Simplemente cuando alguna contingencia diminuta, cotidiana, de esas menudencias que son como la vida de un insecto que no cuentan para nada ni para nadie, ajeno el universo todo a su despreciable realidad ignorada, cuando un detalle nimio le llamaba la atención podía agarrarse a ese hilo y viajar hasta donde lo llevara la memoria y lo dejaba allí en aquel recuerdo vívido por un buen rato hasta que abría los ojos en un acto reflejo y volvía a su ser y a su tiempo longevo.

Otras veces, era algún acontecimiento de dimensiones dolorosas lo que lo ponía en el mismo andén de la memoria. ¡Cómo no evocar las andanzas juveniles cuando uno de sus coetáneos se marchaba de este mundo con la cartilla leída y cumplida! ¿Pero le quedaban coetáneos? Eso era lo que más pesaba en su espalda de nonagenario. La vida larga es para que los demás también la tengan, en caso contrario ¿para qué sirve sino para ser uno el único espectador de una procesión de muertos? Sí, su mente era diáfana, caleidoscópica, entrópica en el universo desordenado de sus recuerdos, pero de una precisión y una claridad prodigiosas cuando activaba la revivificación del momento recordado.
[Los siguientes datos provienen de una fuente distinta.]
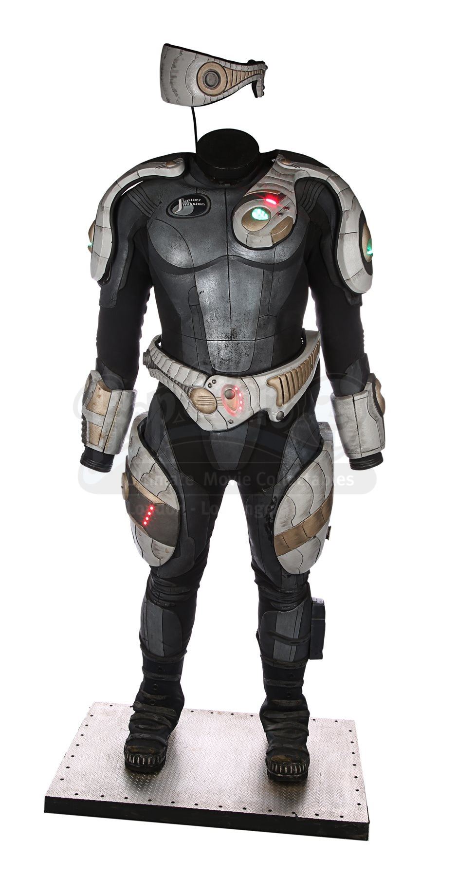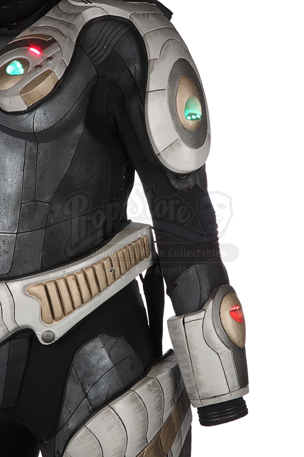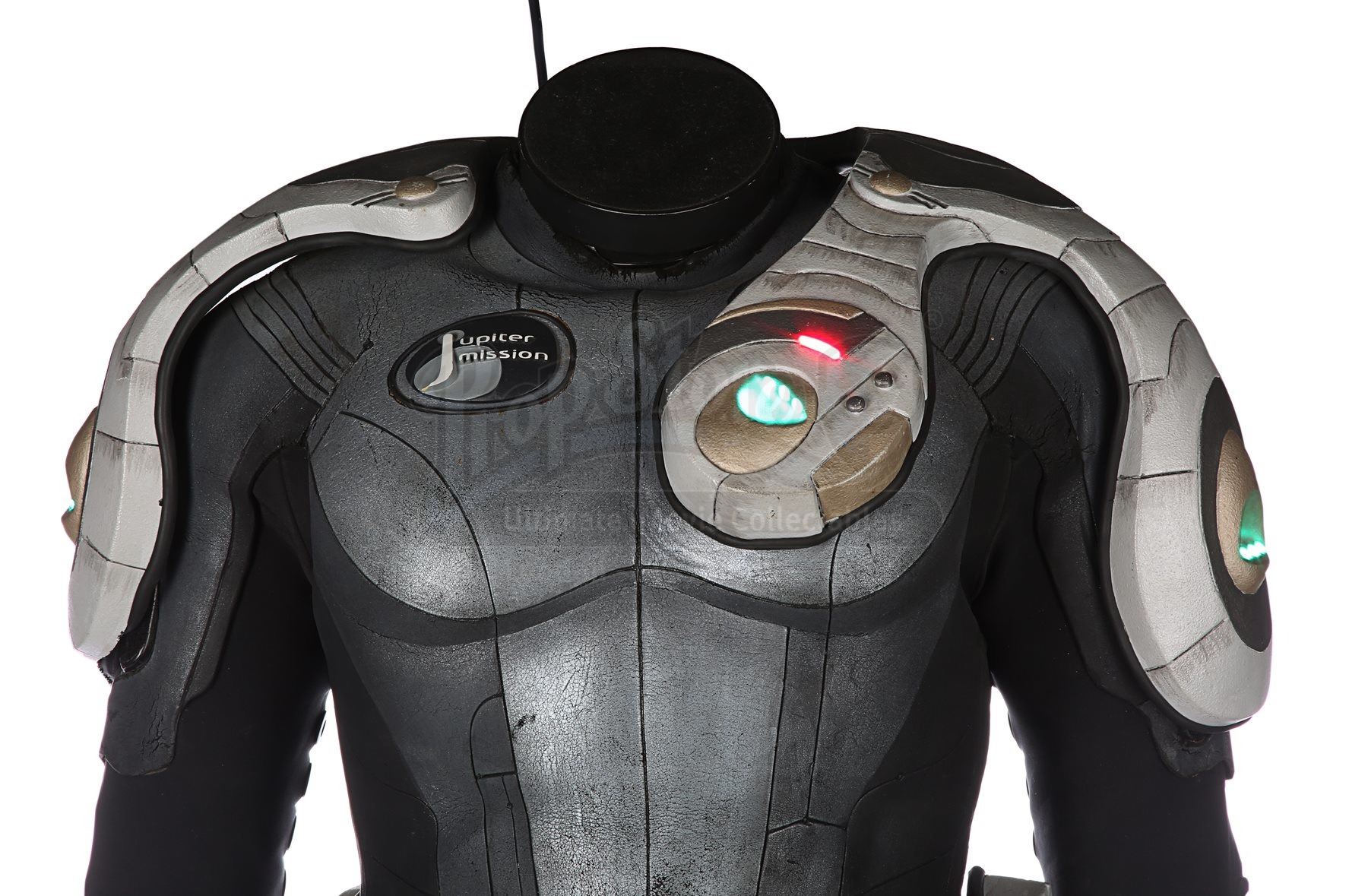 The underlayer of the costume consists of a wetsuit made from black material, with rubber panels secured to the exterior, finished in varying shades of grey. Panel line detailing is present to add to the dynamic appearance of the suit. A resin badge reading “Jupiter Mission” decorates the right breast. Asymmetrical vac-formed pieces finished in light grey and faux gold are adhered to the left side of the chest, shoulders, waist, wrists and upper thighs. The suit is completed by a pair of black thick soled boots and a matching visor.

Una muerta como aquella, bella, joven, blanquísima, exangüe, pelirroja, tan divina de la muerte como debió ser terrena de la vida, le recordaba a la otra, a la otra muerta, a la desgraciada hija de la patera, sin que ninguna de ellas tuvieran nada en común sino su condición de mujer. La desenterrada tenía unos treinta años, la hija de la patera veintitrés recién cumplidos; la pelirroja era bella, relucía aun con la tierra húmeda sobre su cuerpo intacto sino fuera por aquellas marcas, intacto su sexo, intactos sus pechos bien proporcionados, uno de los cuales estaba al descubierto, el otro tapado por la blusa roja. La hija de la patera no era bonita, tampoco era fea, era algo peor, era una de esas mujeres que solo se miran una vez, por que no dicen absolutamente nada. Y en su muerte quedó atrapada en un rictus horroroso, con la boca deformada, y los ojos tan abiertos por el terror que rompían la inanición de su rostro y lo moldearon en una fealdad que forzaba a mirarla una y otra vez, a pesar del espanto.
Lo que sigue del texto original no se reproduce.